Pedal is commonly used in piano performance. It will extend the piano note when the pedal is being pressed. In the RNN model, we experimented with predicting sustain pedal. We applied Pedal On by directly extending the lengths of the notes: for any notes on during or after a Pedal On signal, we delay their corresponding Note Off events until the next Pedal Off signal. This made it a lot easier for the system to accurately predict a whole set of Note Off events all at once, as well as to predict the corresponding delay preceding this. Doing so may have also freed up resources to focus on better prediction of other events as well. Finally, as one might expect, including pedal made a significant subjective improvement in the quality of the resulting output.

Synthesizer

A synthesizer is a sample library, it has thousands of music instrument samples in it. And in the MIDI file, there is only instructions such as note-on and note-off, intensity of how to reproduce the performance, the synthesizer takes that instructions and use the sound samples in the library to reproduce the audio, turns that into sound that we can hear.

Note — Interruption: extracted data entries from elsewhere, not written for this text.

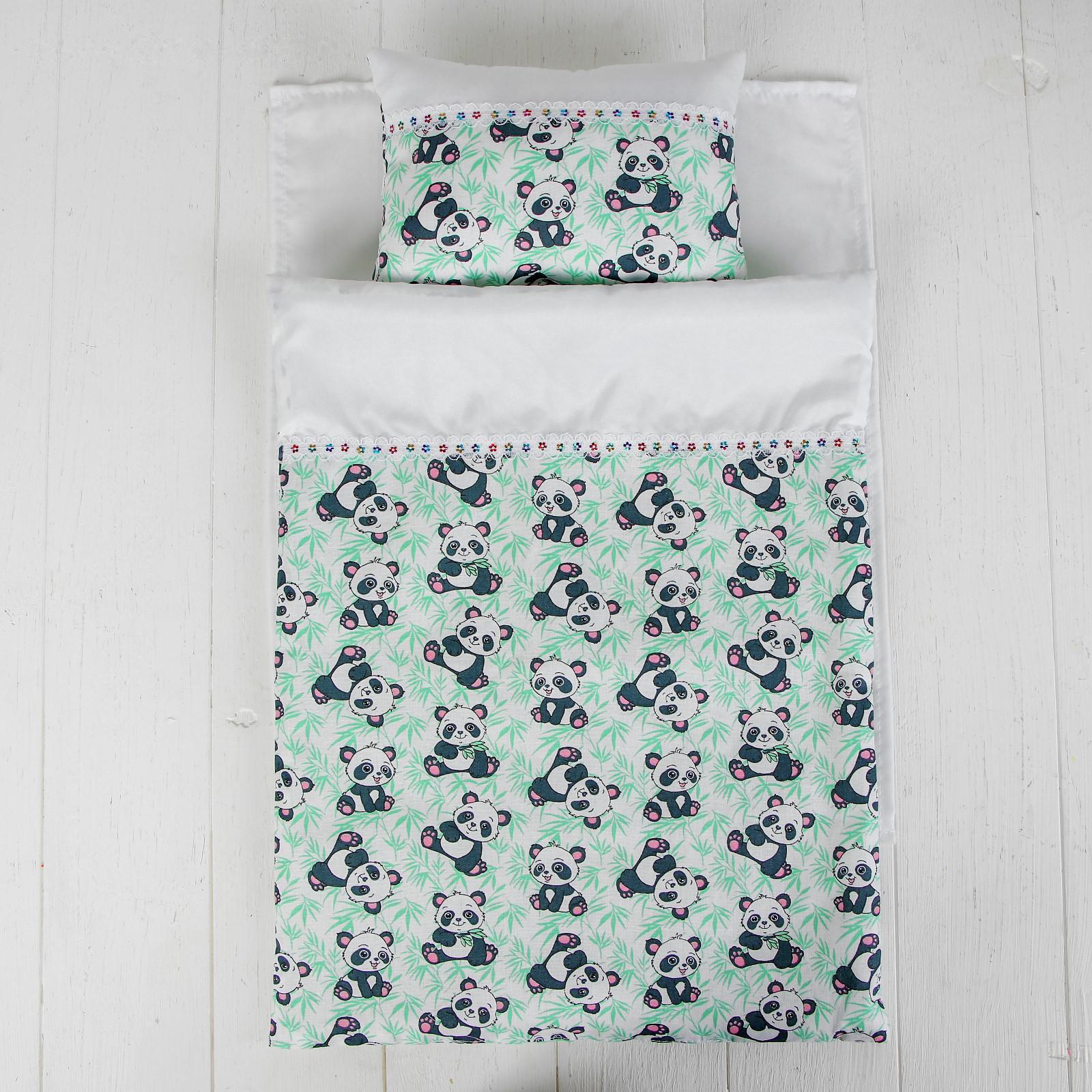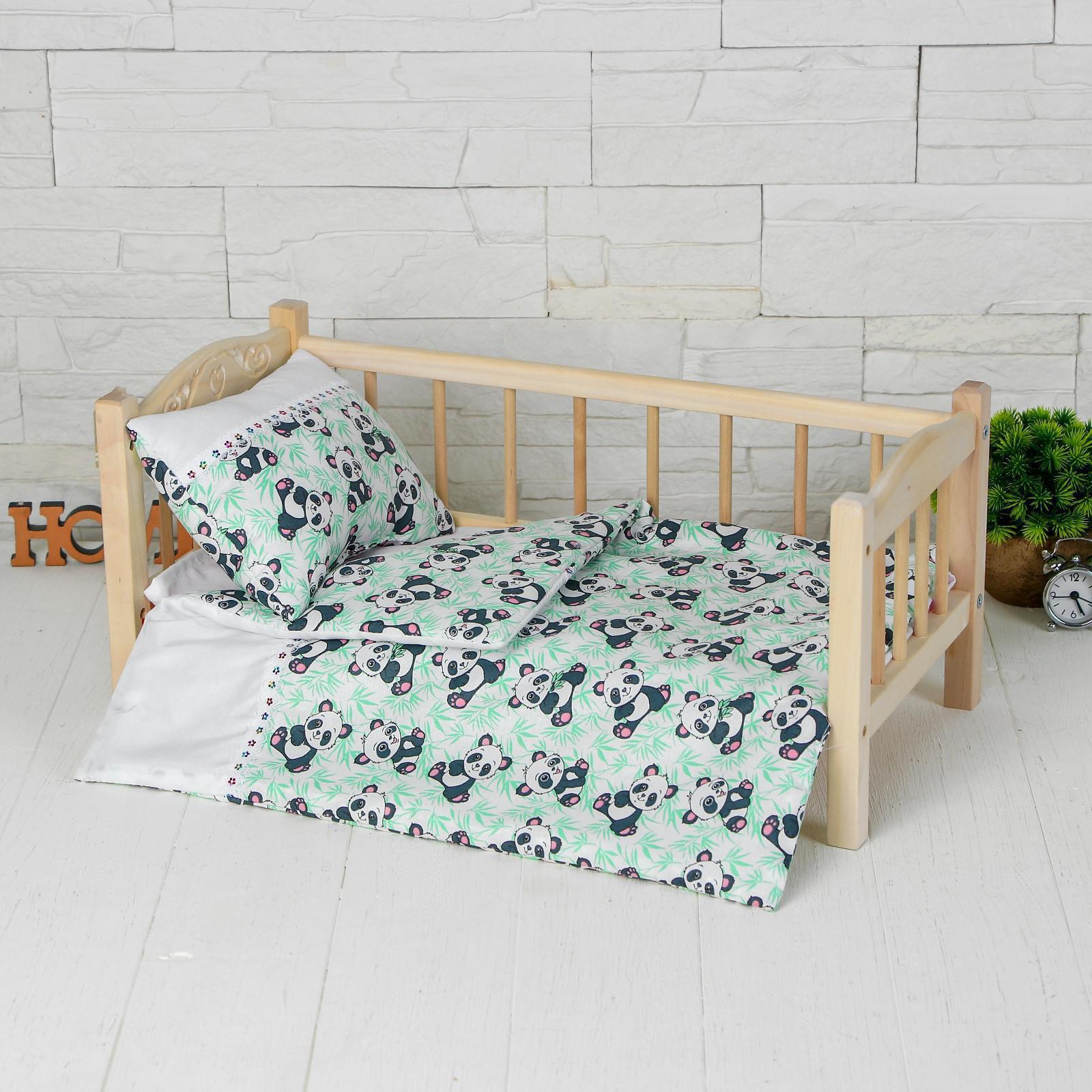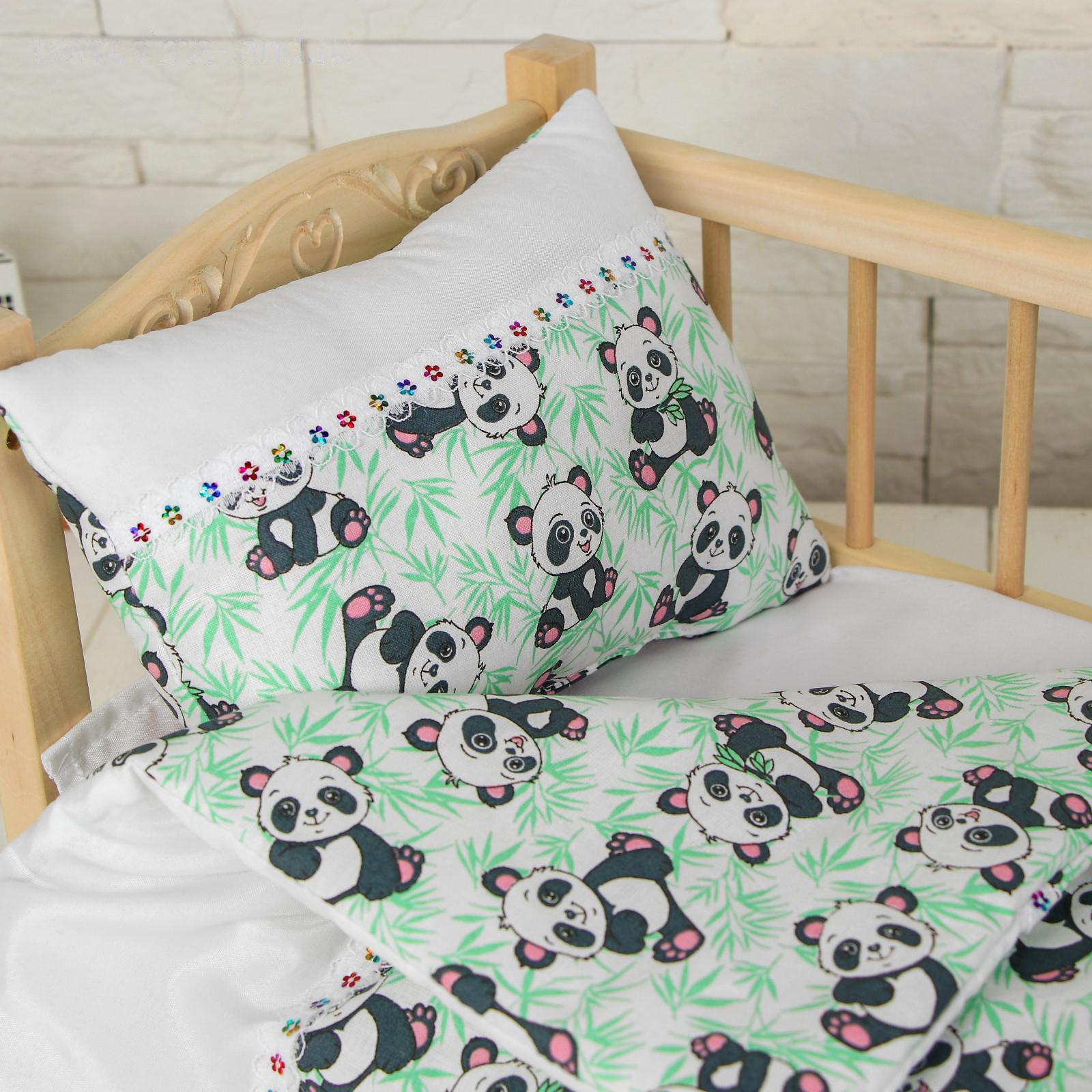 Постельное бельё для кукол «Панды на белом», простынь, одеяло, подушка
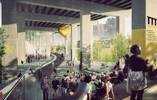多伦多公布一项计划,将在一个高架公路以下新建公园,设有户外表演区和行人和自行车道路。项目利用Gardiner高架路之下被人遗忘的四公顷土地,营造
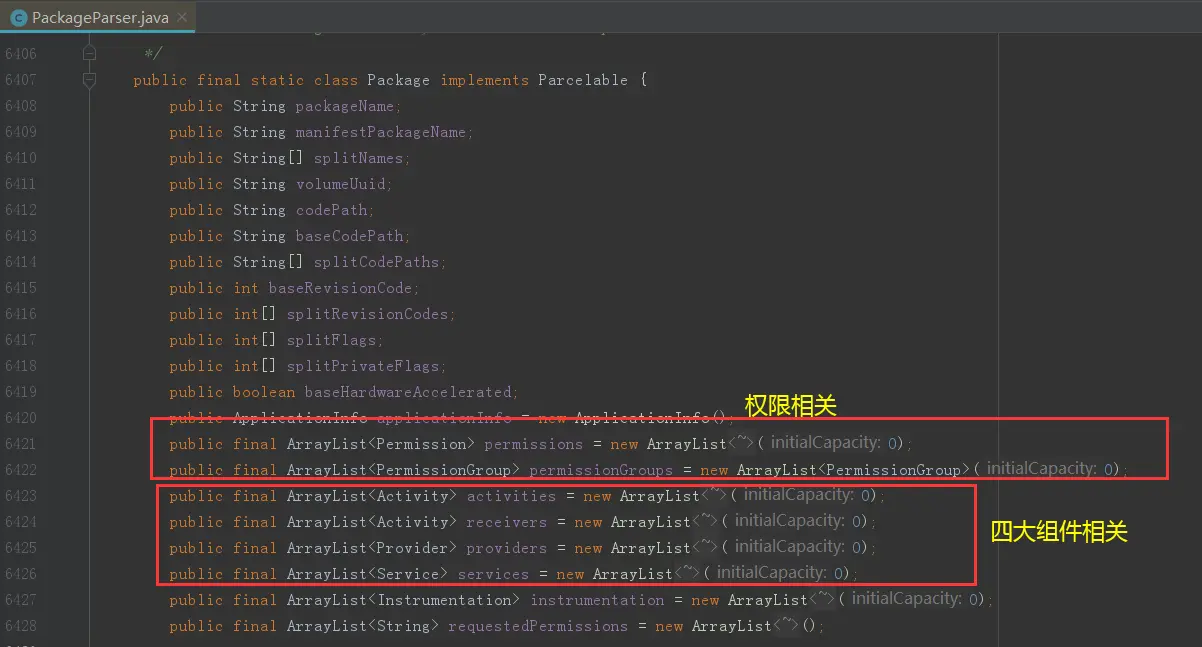 跟踪源码发现,执行到 packageParser.parsePackage() 这个方法的时候会返回一个 PackageParser.Package 对象,我们进去查看一下 PackageParser 这个类的源码,发现 Package 是其里面的静态内部类。

In the original paper, the author used FluidSynth as the synthesizer. FluidSynth is a real-time software synthesizer based on the SoundFont 2. FluidSynth itself does not have a graphical user interface, but due to its powerful API several applications utilize it and it has even found its way onto embedded systems and is used in some mobile apps. In our project, in order to have better visualization and editability, we are using FL Studio to visualize the MIDI files, also used it as the synthesizer.